Иося был совершенно прав. Натан действительно всех очаровал. Вдобавок каждому казалось, что Натан испытывает особую симпатию к нему лично. Такова уж была повадка Натана, свойственная этому редкому типу еврейских мужчин. Он был очень высокий, худой и крепкий, как корень хрена. Его лицо, внизу невозможно узкое, внезапно расходилось в висках, а затем снова сужалось, уходило в залысины, увенчанные неседеющим гребешком. Подобный тип лица был бы комичен, но ему, как правило, сопутствуют ироничный, изящно вырезанный рот и чарующие голубые глаза, не по возрасту проникновенные и смелые. Женщины под таким взглядом хорошеют.
В этом взгляде, по-видимому, и заключалась причина противоречащих друг другу легенд, возникших в родне. Впоследствии Мирра, например, намекала на то, что Натан тайно и платонически был влюблен в нее. Юдифь утверждала, что в тот первый вечер именно она произвела на Натана наибольшее впечатление, и если бы не давление всесильного Генриха, все повернулось бы по-другому. А когда Юдифь дожила до того, что стала называть Шурика то "Анчилом", то "папочкой", к ее идее прибавился новый поворот: что Генрих поплатился за свое вмешательство, что лучший друг наставил ему рога и что Генрих вообще был импотентом и потому смотрел сквозь пальцы на похождения своей Мирры. Вылезла, наконец, скопившаяся за долгие годы обида на Генриха, который ни разу не попытался устроить личную жизнь Юдифи, хотя прямо-таки "сидел" на женихах, как кто-то на продуктах или лекарствах. Если бы Генрих предложил ей с кем-нибудь познакомиться, она отказалась бы с гневом и презрением, но Генрих ничего такого ей не предлагал.
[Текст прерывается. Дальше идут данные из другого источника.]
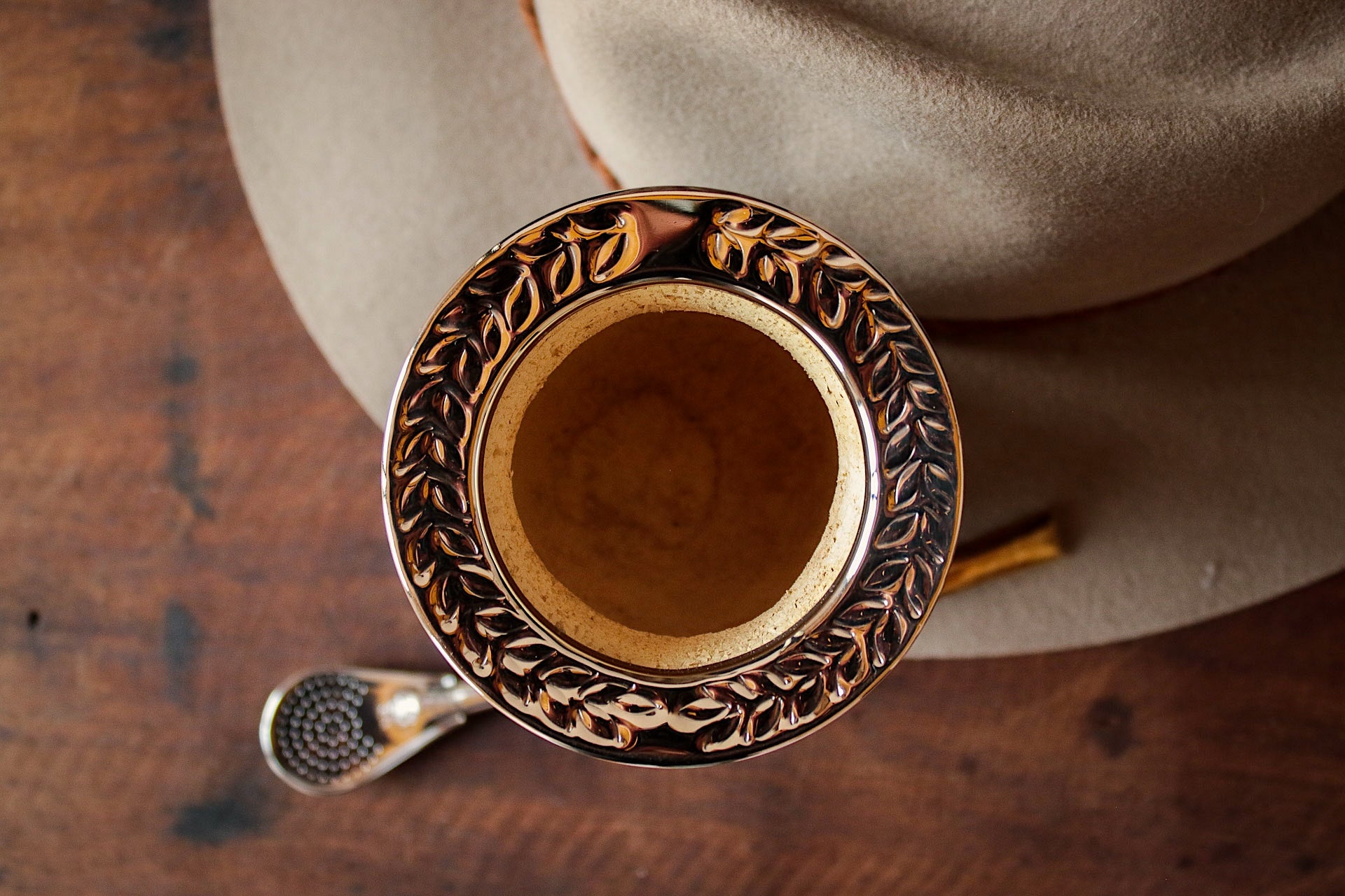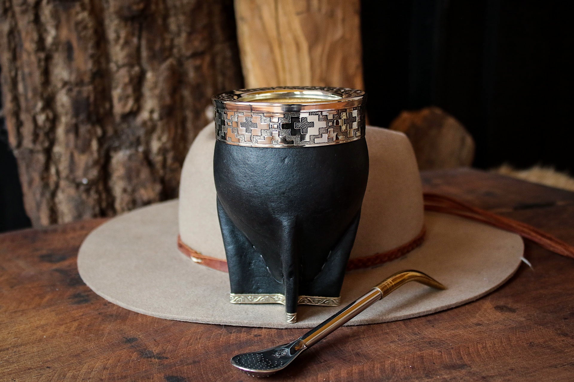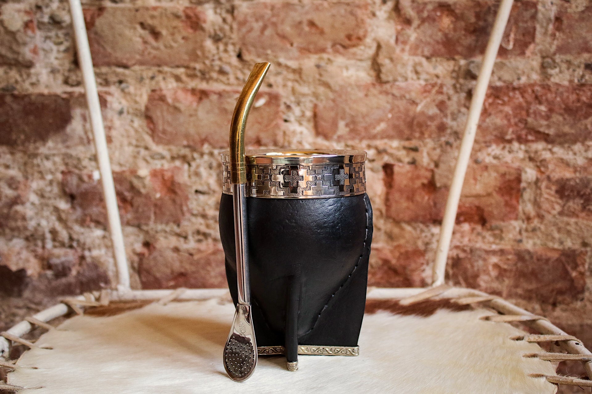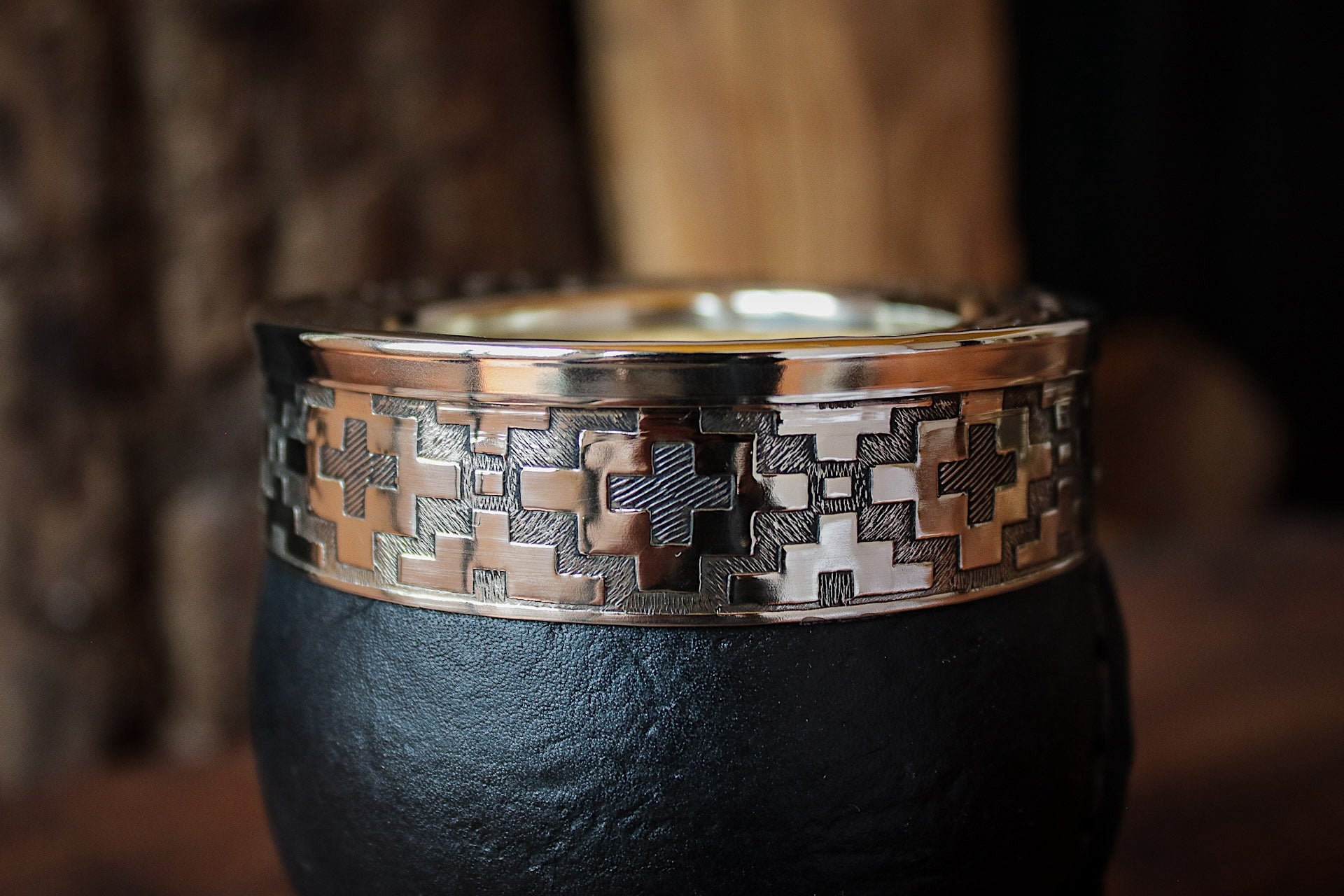 Mate imperial de porongo forrado artesanalmente en cuero natural.
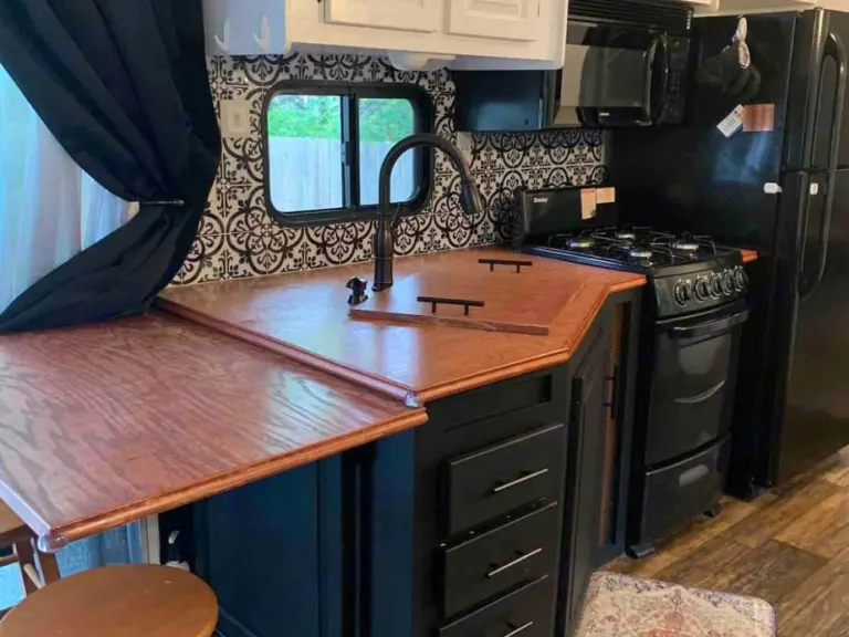 Beautifully renovated “park model” rv. Updated countertops and sinks (deep sink in kitchen great for meal prep).

Не удивительно, что и Мирра, и Юдифь заблуждались относительно Натана. Ведь даже у Генриха было на этот счет небольшое заблуждение: он полагал, что на решение Натана отчасти повлияла мгновенно возникшая между ними "крепкая мужская дружба", особое доверие и взаимопонимание, которое оба почувствовали, как только воздушно-галантный Натан вошел в кабинет мрачного тяжеловесного Генриха.
Натан имел право на комнату в общей квартире, до войны целиком принадлежавшей ему, но добиваться ее не хотел: понимал, что не сможет жить в доме, где каждая мелочь напоминала бы ему вымершую в гетто семью. Генрих тут же предложил ему решить проблему неординарно. Он описал Фридочку, ничего не скрывая – разве что чуть сместил акценты. Натан тоже был откровенен. Он предупредил, что вырос в обеспеченной семье, где постоянно работала служанка и он не знал, что такое повесить или снять с вешалки пальто, не говоря уж о том, чтобы сполоснуть за собой чашку или почистить обувь. Что даже при всех кошмарах последних нескольких лет подобные замашки не прошли бесследно и могут быть крайне неприятны в совместной жизни.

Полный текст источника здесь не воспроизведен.